Edge computing is a form of cloud computing, but unlike traditional cloud computing architectures that centralize compute and storage in a single data center, edge computing pushes the compute -- or data processing power -- out to the edge devices to handle. Thus, only the results of the data processing need to be transported over networks. In certain situations, this provides precise results and consumes far less network bandwidth.
The internet of things is the most common use case for edge computing. IoT is all about the collection of data from geographically dispersed areas using edge sensors. Those sensors are connected using a data network that often leverages WAN technologies such as MPLS, cellular, and VPNs. In traditional IoT architectures, all collected sensor data is transported to a central repository where it is combined, and the data is processed collectively. This works well only if data needs to be collected and analyzed cumulatively. But what if it's not necessary to combine data to get the desired results? What if each IoT sensor simply needs to process the data it collects and send results when certain requirements are met?

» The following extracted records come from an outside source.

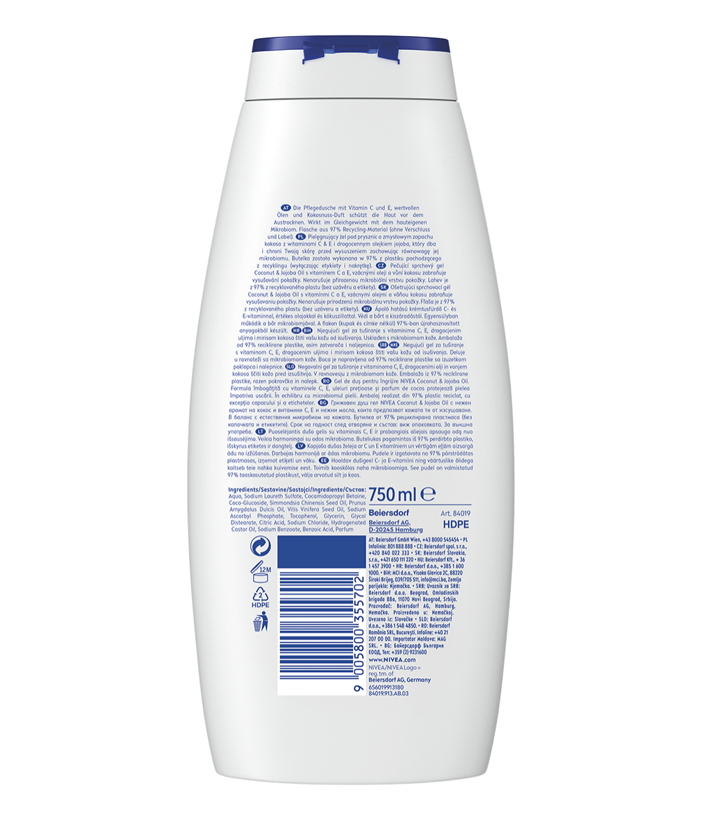 Gel de duș hidratant cu ulei de Jojoba pentru o senzație de piele catifelată și moale, de lungă durată. Formula cu vitaminele C și E și uleiuri prețioase pentru a proteja pielea împotriva uscăciunii: Gel de duș NIVEA cu Cocos și Ulei de Jojoba.
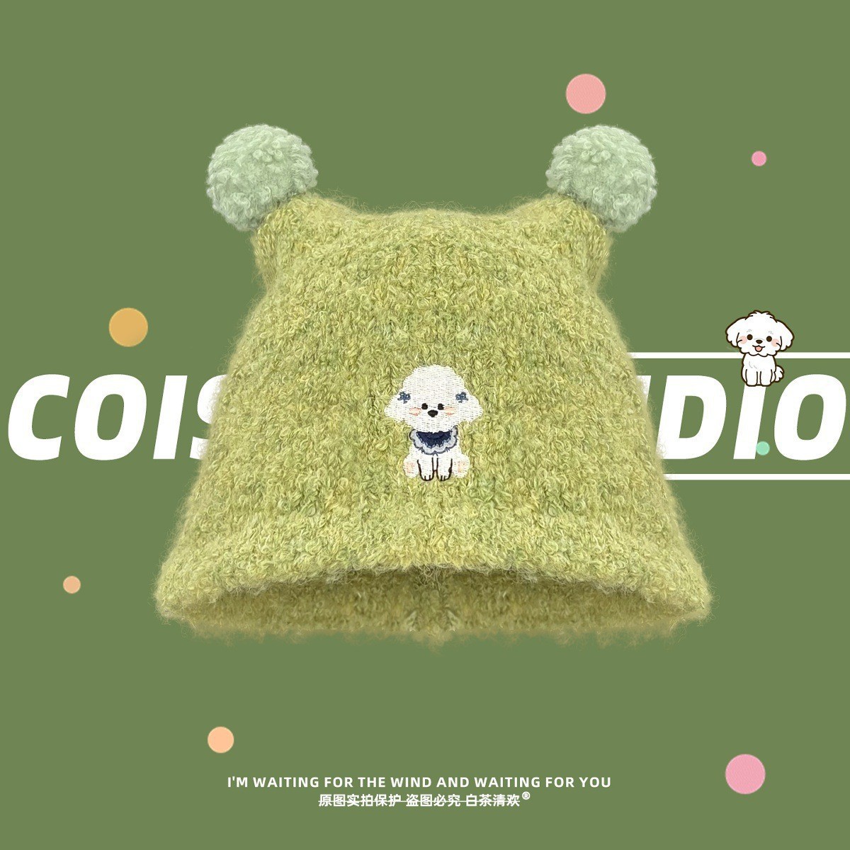 日系可爱小狗刺绣卡通毛绒针织渔夫帽女秋冬保暖显脸小护耳毛线帽
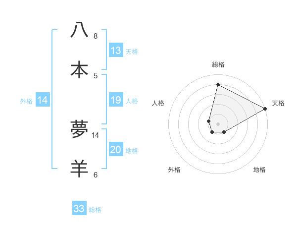 八本 夢羊さんを姓名の画数から五運を鑑定
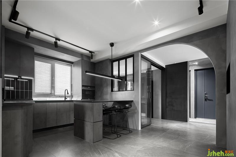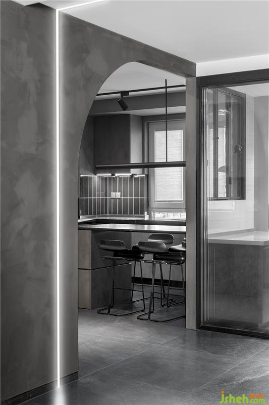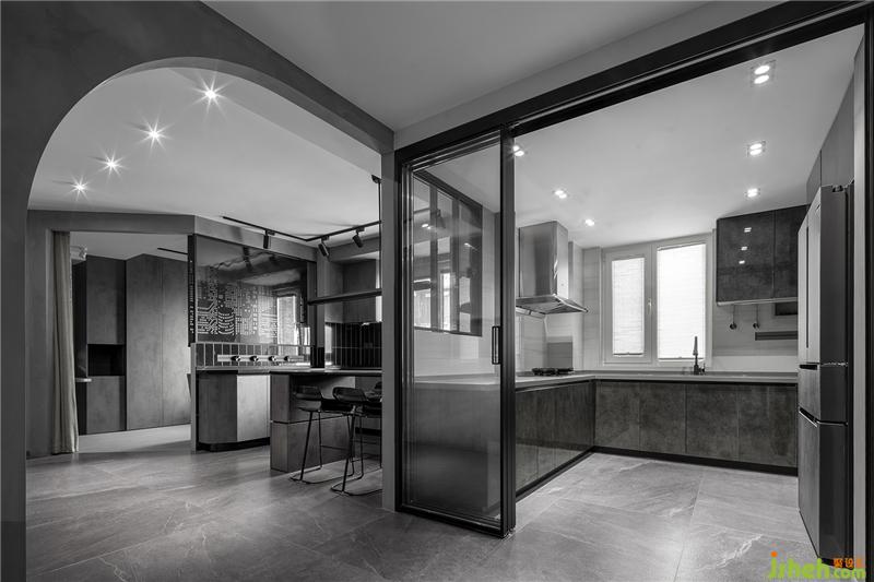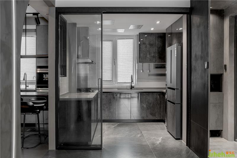将原户型中厨朝向客厅的墙体拆除,向外延伸空间面积并用玻璃推拉门做隔断,不仅扩大了中厨操作台面积而且使内部采光更通透。

This is where we start to see the benefits of edge computing. If there's no true need to collect all data in a centralized cloud repository, it doesn't make sense to waste expensive bandwidth on transporting it. In fact, a completely valid IoT design may be one where the sensors only connect to the cloud when they have something important to report. This design provides the opportunity to reduce IoT networking costs by leveraging technologies such as cellular-based technologies that use a lower-cost, pay-per-kilobit billing method as opposed to more expensive always-on connectivity.